In the computePose() function, we create first an instance of the vpPose class. Then for each point we get its 2D coordinates in pixels as the center of gravity of a blob, convert them in 2D coordinates (x,y) in meter in the image plane using vpPixelMeterConversion::convertPoint(). We update then the point instance with the corresponding 2D coordinates and add this point to the vpPose class. Once all the points are added, we can estimate the pose. If init is true, we estimate a first pose using vpPose::DEMENTHON linear approach. It produces a pose used as initialization for the vpPose::VIRTUAL_VS (virtual visual servoing) non linear approach that will converge to the solution with a lower residue than the linear approach. If init is false, we consider that the previous pose cMo is near the solution so that it can be uses as initialization for the non linear visual servoing minimization.

In the main() function, instead of using an image sequence of the object, we consider always the same image "square.pgm". In this image we consider a 12cm by 12 cm square. The corners are represented by a blob. Their center of gravity correspond to a corner position. This gray level image is read thanks to:

After the instantiation of a window able to display the image, and at the end the result of the estimated pose, we setup the camera parameters. We consider here the following camera model ${\bf a}=(p_x,p_y, u_0,v_0)$ where $p_x = p_y = 800 $ are the ratio between the focal length and the size of a pixel, and where the principal point $(u_0, v_0)$ is located at the image center position.

vpCameraParameters cam(840, 840, I.getWidth()/2, I.getHeight()/2);

Each blob is then tracked using a vector of four vpDot2 trackers. To avoid human interaction, we initialize the tracker with a pixel position inside each blob.

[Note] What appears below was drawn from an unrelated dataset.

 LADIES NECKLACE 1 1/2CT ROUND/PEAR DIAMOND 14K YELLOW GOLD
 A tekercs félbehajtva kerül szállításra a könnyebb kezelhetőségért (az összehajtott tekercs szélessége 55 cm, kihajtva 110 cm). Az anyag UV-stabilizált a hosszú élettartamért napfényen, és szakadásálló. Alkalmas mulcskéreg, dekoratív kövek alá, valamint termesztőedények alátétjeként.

std::vector<vpDot2> dot(4);
dot[0].initTracking(I, vpImagePoint(193, 157));
dot[1].initTracking(I, vpImagePoint(203, 366));
dot[2].initTracking(I, vpImagePoint(313, 402));
dot[3].initTracking(I, vpImagePoint(304, 133));

We also define the model of our 12cm by 12cm square by setting the 3D coordinates of the corners in an object frame located in this example in the middle of the square. We consider here that the points are located in the plane $z=0$.

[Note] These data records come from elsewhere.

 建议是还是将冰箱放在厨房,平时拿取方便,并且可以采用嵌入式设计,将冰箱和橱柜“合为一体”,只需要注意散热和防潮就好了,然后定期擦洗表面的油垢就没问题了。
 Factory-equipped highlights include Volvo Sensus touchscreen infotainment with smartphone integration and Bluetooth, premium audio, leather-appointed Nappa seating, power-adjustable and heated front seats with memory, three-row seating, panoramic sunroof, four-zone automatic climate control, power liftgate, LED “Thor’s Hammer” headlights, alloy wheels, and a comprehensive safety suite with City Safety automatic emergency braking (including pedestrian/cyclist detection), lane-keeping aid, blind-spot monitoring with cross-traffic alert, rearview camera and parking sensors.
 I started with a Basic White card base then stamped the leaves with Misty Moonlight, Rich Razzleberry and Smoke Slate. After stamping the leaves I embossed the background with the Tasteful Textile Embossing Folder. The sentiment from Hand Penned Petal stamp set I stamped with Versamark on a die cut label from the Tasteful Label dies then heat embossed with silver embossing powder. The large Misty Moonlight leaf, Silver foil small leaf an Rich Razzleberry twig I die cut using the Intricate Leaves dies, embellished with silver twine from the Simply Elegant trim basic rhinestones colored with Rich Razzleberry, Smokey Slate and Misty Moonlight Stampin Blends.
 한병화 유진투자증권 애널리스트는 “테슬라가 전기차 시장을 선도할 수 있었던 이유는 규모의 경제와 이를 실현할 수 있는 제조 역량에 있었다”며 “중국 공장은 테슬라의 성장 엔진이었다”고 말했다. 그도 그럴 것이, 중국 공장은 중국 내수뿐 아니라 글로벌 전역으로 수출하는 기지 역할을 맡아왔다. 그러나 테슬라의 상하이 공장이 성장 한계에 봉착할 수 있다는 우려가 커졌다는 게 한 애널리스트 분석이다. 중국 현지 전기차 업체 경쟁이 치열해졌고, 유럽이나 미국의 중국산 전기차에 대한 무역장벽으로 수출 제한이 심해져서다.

std::vector<vpPoint> point(4);
point[0].setWorldCoordinates(-0.06, -0.06, 0);
point[1].setWorldCoordinates( 0.06, -0.06, 0);
point[2].setWorldCoordinates( 0.06, 0.06, 0);
point[3].setWorldCoordinates(-0.06, 0.06, 0);

Next, we created an homogeneous matrix cMo that will contain the estimated pose.

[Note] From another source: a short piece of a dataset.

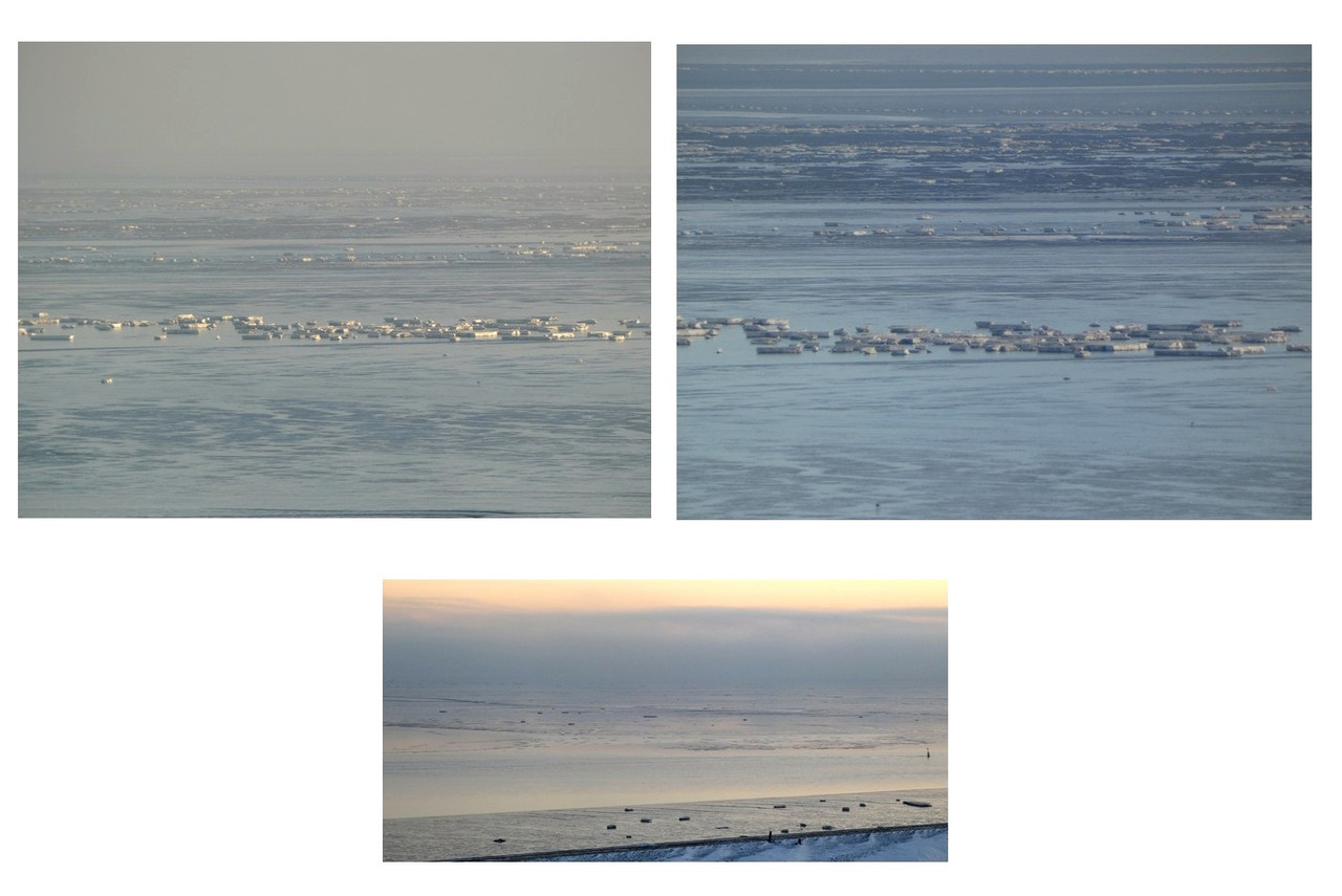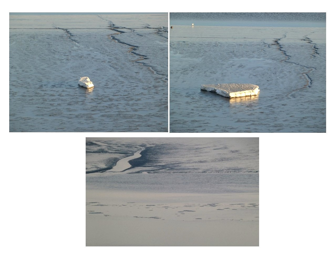 IJsschotsen op het droogliggende wad. Op de derde foto zie je in het lichtgrijze donkere stukken / stukjes dat zijn ijsschotsen die in de vaargeul drijven .

In the infinite loop, at each iteration we read a new image (in this example it remains the same), display its content in the window, and track each blob.

vpImageIo::read(I, "square.pgm");
for (unsigned int i=0; i < dot.size(); i ++) {
dot[i].setGraphics(true);
dot[i].track(I);
}

Then we call the pose estimation function computePose() presented previously. It uses the 3D coordinates of the points defined as our model in the object frame, and their corresponding 2D positions in the image obtained by the blob tracker to estimate the pose cMo. This homogeneous transformation gives the position of the object frame in the camera frame.

computePose(point, dot, cam, init, cMo);

The resulting pose is displayed as an RGB frame in the window overlay. Red, green and blue colors are for x, y and z axis respectively. Each axis is 0.05 meter long. All the drawings are then flushed to update the window content.

At the end of the first iteration, we turn off the init flag that indicates that the next pose estimation could use our non linear vpPose::VIRTUAL_VS estimation method with the previous pose as initial value.

if (init) init = false;

Finally, we interrupt the infinite loop by a user mouse click in the window.

if (vpDisplay::getClick(I, false)) break;

We also introduce a 40 milliseconds sleep to slow down the loop and relax the CPU.

We provide also an other example in tutorial-pose-from-points-tracking.cpp that shows how to estimate the pose from a tracking performed on images acquired by a firewire camera.